We don't have to fear the next turn in the bend, although we don't know what awaits us, we can be assured of this - God will bring blessing out of every circumstance we face. It may not seem that way as we are rounding that bend into what seems to be a tumultuous ride, but God's plan is to bring blessing even out of what is the hardest and most demanding of life's moments. God's blessings follow us - they are like the wake of a boat moving through the water - impacting those around us and leaving their lives just a little bit more blessed by having been touched by him. It isn't that we avoid the calamity, but that we refuse to be overcome by it - not giving into the pull toward judging the moment as too severe, unfair, or unrealistic.
Stop for just a moment to consider this - if we resist the desire to become judgmental or flippant about whatever it is we are facing, could this possibly be one of God's blessings he gives us in that moment? To face it without going down the path toward a sinful response of ungratefulness, complaint, or anger - maybe this is one of his blessings - this stable attitude with which we can focus not on the event, but on the one who promises to keep us as we go through it. There will be lots of advice from those around us as to how it is we are to face the moment - some will lean toward embracing it, others will advise we resist it, while still others will say we probably deserved it. Didn't Job have those who came to offer their advice on the matters he faced? What makes us think we won't have the same type of "advisers" rising up when we least need them! The best we can do is thank them for their desire to help, then lean into God's Word - for he longs to declare to us what it is we are to lean upon while we are going through the situation.
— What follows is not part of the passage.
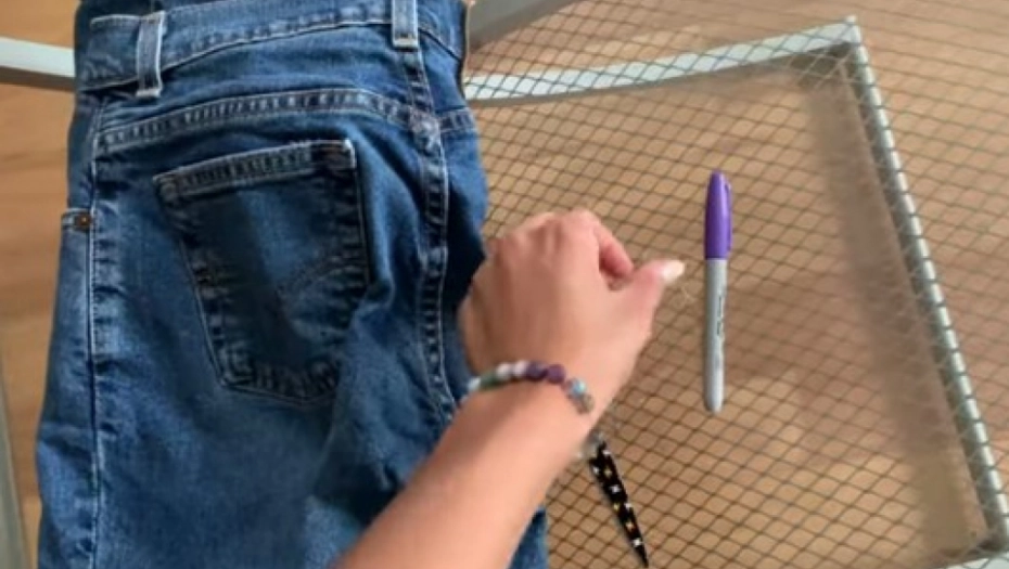Obucite stare farmerke i markerom obeležite željenu dužinu na jednoj nogavici.

I would be remiss here in not admitting my own failure to keep a positive attitude on occasion as I faced unpleasant stuff. There are times when it is just easier to complain, resist, and get downright angry about facing the stuff I thought was too hard, or perhaps too unfair in my life. I didn't want to walk through divorce, but I made it through by his grace. I didn't want to be a single parent raising two kids, but with his grace and guidance every step of the way, my kids turned out pretty well and I was reasonably "unscathed" by the trip! I didn't want to lose my job, but whenever it happened, God made a way for me to stay totally caught up with my bills, never missing a beat in blessing me along the way. I didn't always embrace those challenges eagerly, waiting with marked anticipation to see how God would turn these things into a blessing. In fact, I think I complained a little too much, got angry a lot, and even worried way more than I should have. What I can tell you is this - God helped me see the blessing even when it was not very apparent at the get-go, turning my complaint into gratitude, my fear into trust, and my anger into submission.
Going down any path with God is not an assurance it will be an easy path, but it is an assurance you will make it through and in the end, although it may not look like it, there will come blessings untold! Just sayin!